Education Dep't Using Civil Rights Law to Get More Black Students Into AP Classes

By Susan Jones | September 11, 2013 | 10:54am EDT

(AP File Photo)

( - In a first-of-its-kind civil rights agreement, the Obama administration has struck a deal with the public school system in Opelika, Alabama to get more African-American students into Advanced Placement classes.

The Education Department's Office of Civil Rights launched its investigation under Title VI of the Civil Rights Act of 1964 to find out if the Lee County School District was providing "equal opportunity and equal access to Advanced Placement (AP) courses and other higher-level learning opportunities" that prepare students for success in their college years and beyond.

The data demonstrated that, district-wide, African-American high school students were underrepresented in AP and higher level courses, including in all higher level mathematics courses, particularly in calculus and statistics courses.  

Investigators found that a disproportionately low number of African American students were enrolled in eighth-grade algebra, which prepares students for the district's highest-level math and science classes, including AP courses.
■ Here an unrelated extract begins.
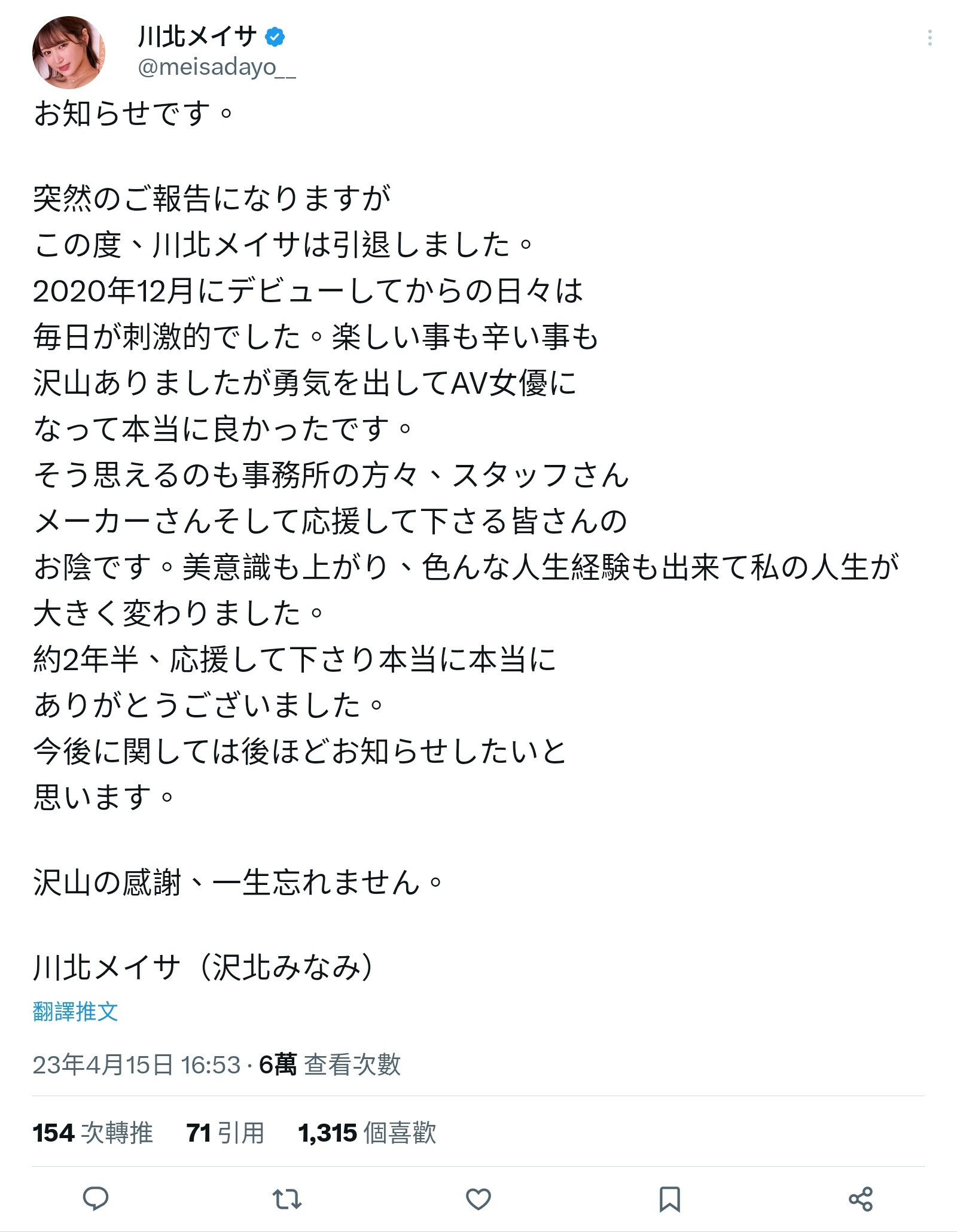 不是才回歸原來的事務所然後把名字改回來了?結果兩個月多的時間過去,片商FALENO STAR出道、當初號稱是9頭身超小顏Face的天然白虎「川北メイサ(川北明沙)」突然在今天宣布引退,真是一整個奇怪⋯

The investigation also found that advanced math was offered to seventh-graders in the district's predominantly white middle schools, but not at the district's predominantly black middle school.

While the district's predominantly white high schools offered a large overall number of advanced courses in a wide variety of subjects, the predominantly black high school had "significantly fewer" advanced courses, and AP courses were offered only online.

"We look forward to working with the Lee County School District administrators to ensure that all students have equal access to a quality education, and are pleased that the district has taken positive steps to increase college-ready access through raising the enrollment of black students in AP and other higher level courses," said Catherine E. Lhamon, assistant secretary for the Education Department's Office for Civil Rights.

Federal investigators said the school district voluntarily entered into a resolution agreement before OCR announced its findings.

Under the agreement, the district will:

-- Develop a district-wide plan for addressing the under-representation of African American students in AP and higher level courses;
-- Identify any barriers to African American students' participation in AP and higher level courses;
-- Permit students to participate in distance learning opportunities at schools providing more AP and higher-level options;
-- Establish dual-enrollment courses with the local community college for students at the predominantly African American high school and provide transportation for all students who elect to take dual-enrollment courses;
-- Encourage students at all of the district's elementary, middle, and high schools to aspire to attend college, and to participate in AP and higher level courses.

The district's comprehensive plan will be based on recommendations from an expert consultant, feedback from students, parents and staff, and a self-assessment.

OCR says its mission is to ensure equal access to education and promote educational excellence throughout the nation through the vigorous enforcement of civil rights law.